* **About this exercise**
This task calls for the lines below starting at the one containing "小(3画)浦(11画) 日(4画)和(8画)子(3画)" and ending at the one containing "Khmer fonts |", repeated exactly with both ends kept and pictures left out.

* **Data for this task**

--

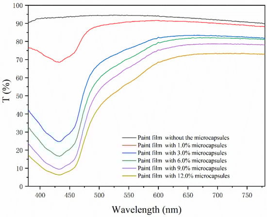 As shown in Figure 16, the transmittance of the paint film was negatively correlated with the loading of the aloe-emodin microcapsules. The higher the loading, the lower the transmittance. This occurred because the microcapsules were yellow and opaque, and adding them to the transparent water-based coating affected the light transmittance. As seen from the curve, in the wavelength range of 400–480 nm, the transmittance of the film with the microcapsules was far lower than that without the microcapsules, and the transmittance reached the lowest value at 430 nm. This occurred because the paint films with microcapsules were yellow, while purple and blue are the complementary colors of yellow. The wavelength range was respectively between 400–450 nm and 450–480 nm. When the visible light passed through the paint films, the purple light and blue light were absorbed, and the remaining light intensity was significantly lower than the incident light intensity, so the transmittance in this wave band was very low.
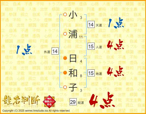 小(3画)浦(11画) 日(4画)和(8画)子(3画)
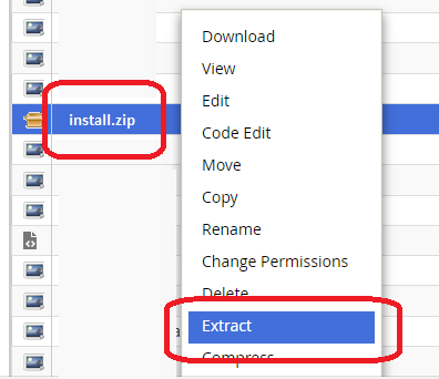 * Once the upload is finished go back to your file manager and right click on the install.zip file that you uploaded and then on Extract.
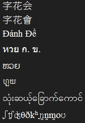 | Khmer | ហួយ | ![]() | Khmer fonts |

--

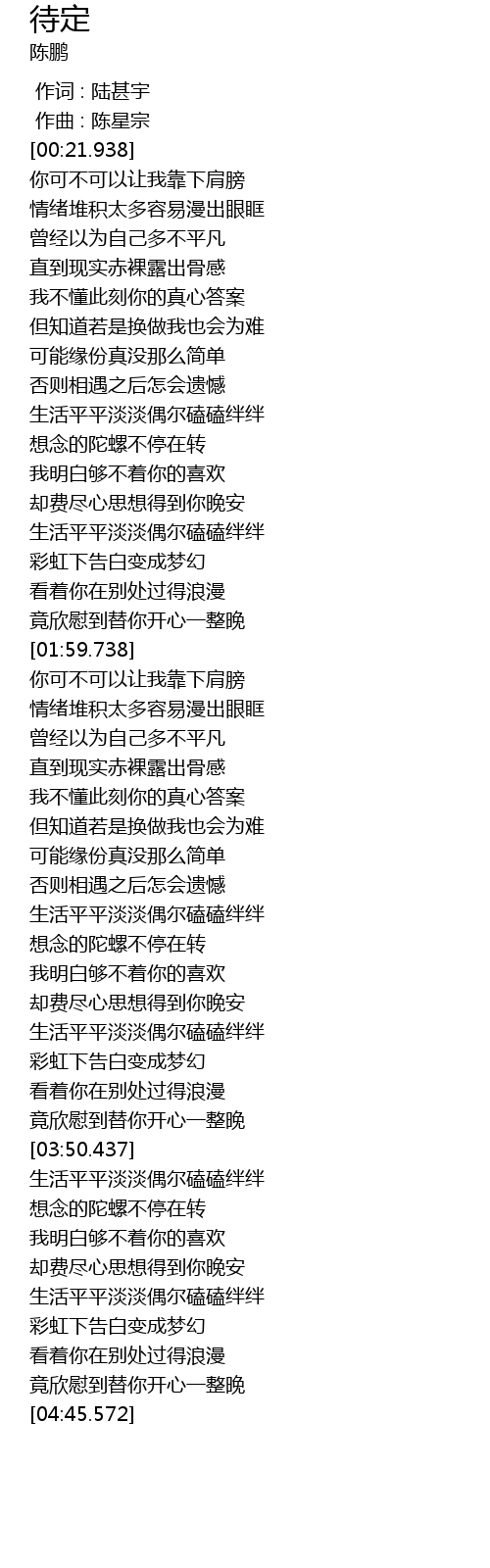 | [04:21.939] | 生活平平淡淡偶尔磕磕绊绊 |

--

* **Solved problem**
 小(3画)浦(11画) 日(4画)和(8画)子(3画)
 * Once the upload is finished go back to your file manager and right click on the install.zip file that you uploaded and then on Extract.
 | Khmer | ហួយ | ![]() | Khmer fonts |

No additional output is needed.